Have an awesome week Mike!
Thanks Sara, such a sweet comment 🙂
I think every time with our kids is magical for different reasons … it is great to see them be totally joyous and care-free, and then to start to gain independence and on and on … it is great stuff. And it is hard as parents to sometimes let them fail.
Once we are through the college season I will share the videos (of course, no two schools have the same requirements … so he has been writing and scripting and storyboarding and recruiting actors and buying pizza and so on for multiple schools 🙂 )
Thanks for the song. I had the kids this weekend and its so amazing to watch them play together. When they asked if they could come again next weekend it was so much validation. Then I thought how a 4 and 6 year old could have things more figured out than many 40 year olds and I hoped that life didn’t teach them to be too busy to spend time with the people they love.
Thanks for sharing – that sounds like a great weekend! I think kids have it more ‘together’ because of all of the barriers and nonsense and BS we put into our lives as adults.
I think valuing the time you DO have with those you love instead of measuring whether or not it is enough is definitely an important thing to learn. And too few people seem to learn it!
Again, you hit the nail on the head, THAT song, “Cats in the Cradle” was painful and wrenching the first time I heard it– and so many years later– it still is.
His words still teach a really powerful lesson, and bears re-listening to, if its been awhile since you’ve heard it.
Dan Fogelberg’s “Leader of the Band” is another that still just grabs my throat that same way.
When we were younger, our parents, if they were even asked, would tell us to study something that would lead us to a good job or career. It was very important to them that we find our career path while we were in school, so that we could support our own families when the time came.
We told out kids to study and find their passion–to find what made them tick, not just what would fill their wallets.
Looking back, I majored in what I loved, and actually, so did my siblings. We studied what drew us in and found ways of making those majors work for us.
Now, our kids are grown. We tried, in our own very imperfect ways, to give them everything we could– to encourage them to find their own roads, ones that would serve them well, but also ones that encouraged their own passions. Now– its their turn for each to travel down his or her own road.

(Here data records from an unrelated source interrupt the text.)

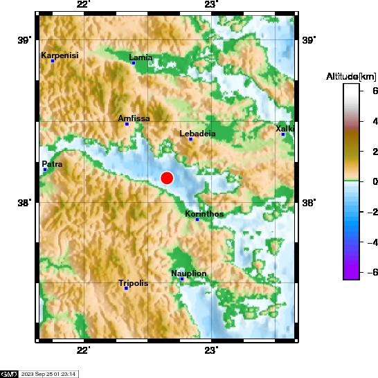 Το ακριβές επίκεντρο τη δόνησης εντοπίζεται στα 21 χλμ. βόρεια του Κιάτου και στα 83 χλμ. δυτικά του Πειραιά.
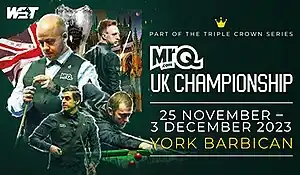 The 2023 UK Championship (officially the 2023 MrQ UK Championship) was a professional snooker tournament that took place from 25 November to 3 December 2023 at the York Barbican in York, England. The 47th edition of the UK Championship, first held in 1977, it was the eighth ranking event of the 2023–24 snooker season, following the International Championship and preceding the Snooker Shoot Out. It was also the season's first Triple Crown event, preceding the Masters and the World Championship. Organised by the World Snooker Tour and sponsored by online casino MrQ, the event was broadcast by the BBC domestically, by Discovery+ and Eurosport in Europe, and by other broadcasters worldwide. The winner received £250,000 from a total prize fund of £1,205,000.
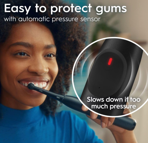 The smart pressure sensor and micro-vibration technology ensure gentle brushing that protects enamel and gums.
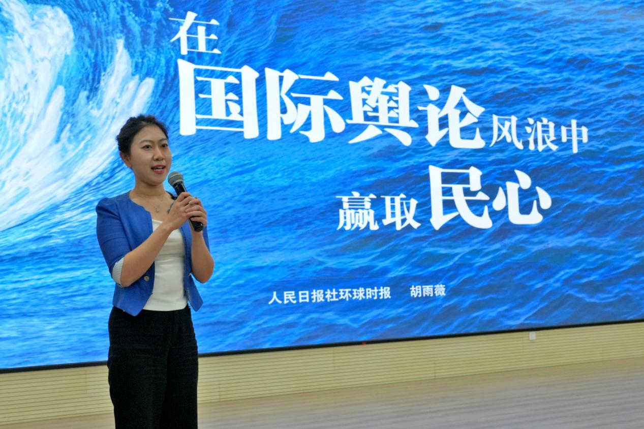 人民日报社(环球时报)记者、第十一届“好记者讲好故事”活动优胜选手胡雨薇以“在国际舆论风浪中赢取民心”为题,与广大师生分享了她深入一线开展调查报道,通过践行“四力”争夺话语权和占据主动权的经历,展现出中国人民维护领土主权的坚定决心,中国记者守护真相、讲好中国故事的不变追求。
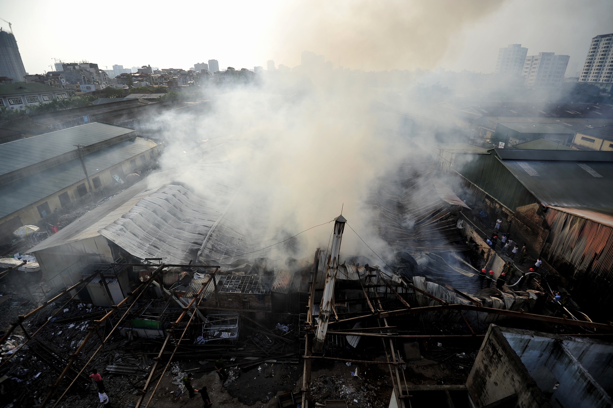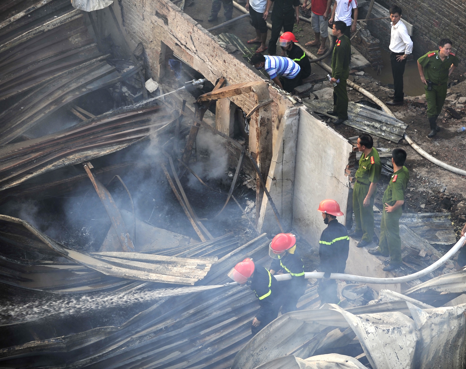 Đến 16h, ngọn lửa cơ bản được khống chế. Hơn 100 lính cứu hỏa của công an, quân đội tiếp tục phun nước hạ nhiệt độ. Nhà xưởng gặp hỏa hoạn được dựng theo kết cấu mái tôn, khung thép, nên dưới tác động của lửa dữ đã nhanh chóng sụp đổ.
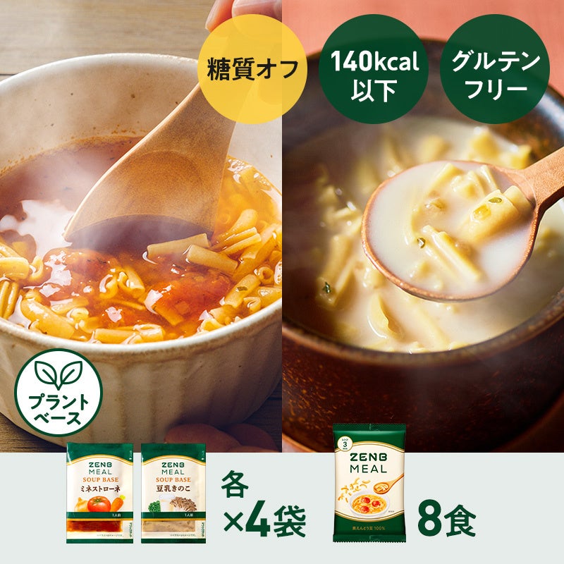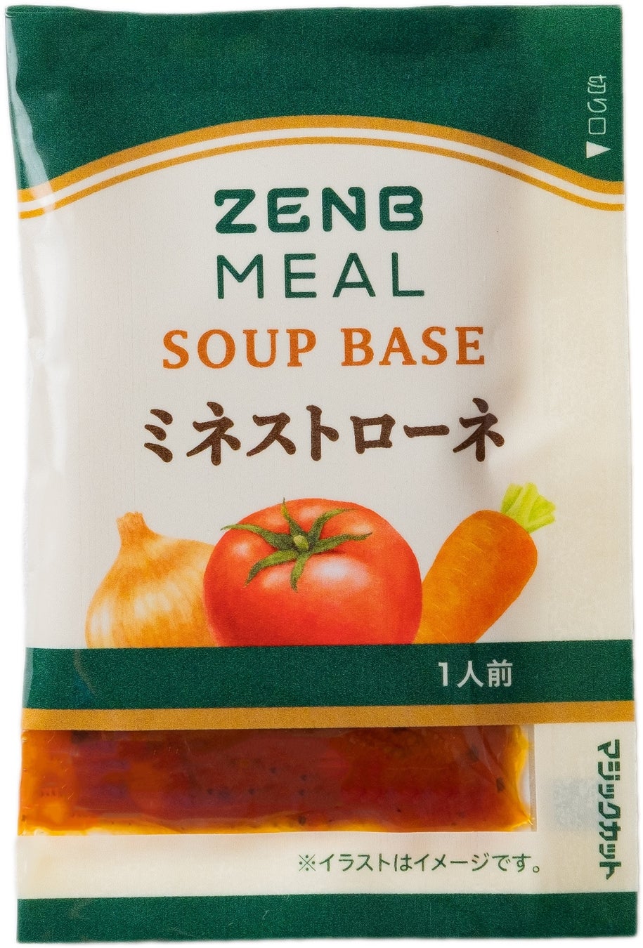 「ZENBミール」に 水を加えてレンジで3分加熱し、本品を加えるだけでスープミールがつくれる専用のスープベースです。動物性原料や添加物に頼らない味づくりで、「ZENBミール」の豆の旨みを活かし、プラントベース&グルテンフリーにこだわりました。カロリー140kcal以下で、糖質オフ※1だからカラダにもうれしい。時間のない朝でも、おいしく満足感のあるヘルシーな”食べるスープミール”が手軽に楽しめます。

Its so hard to let them grow up and go, but its so wonderful when they come back to see us.
Harry Chapin’s words made a great difference to so many, many of us, and it still does.
Please, listen to it while you still can.
Great comment Clare 🙂
I know that like you I was steered towards more practical things – away from writing and music and towards engineering. But the reality is as cool as those other things sounded, math and physics were already my passion … and are still that way as I have passed 30 years since high school graduation.
At the same time I have seen many well educated and smart kids in ‘safe’ industries go without finding a job – nothing is safe, so it is more important than ever to do what you love.
And as a parent I will never regret that I always put my family first. I know I have ‘left money on the table’ … but that is OK.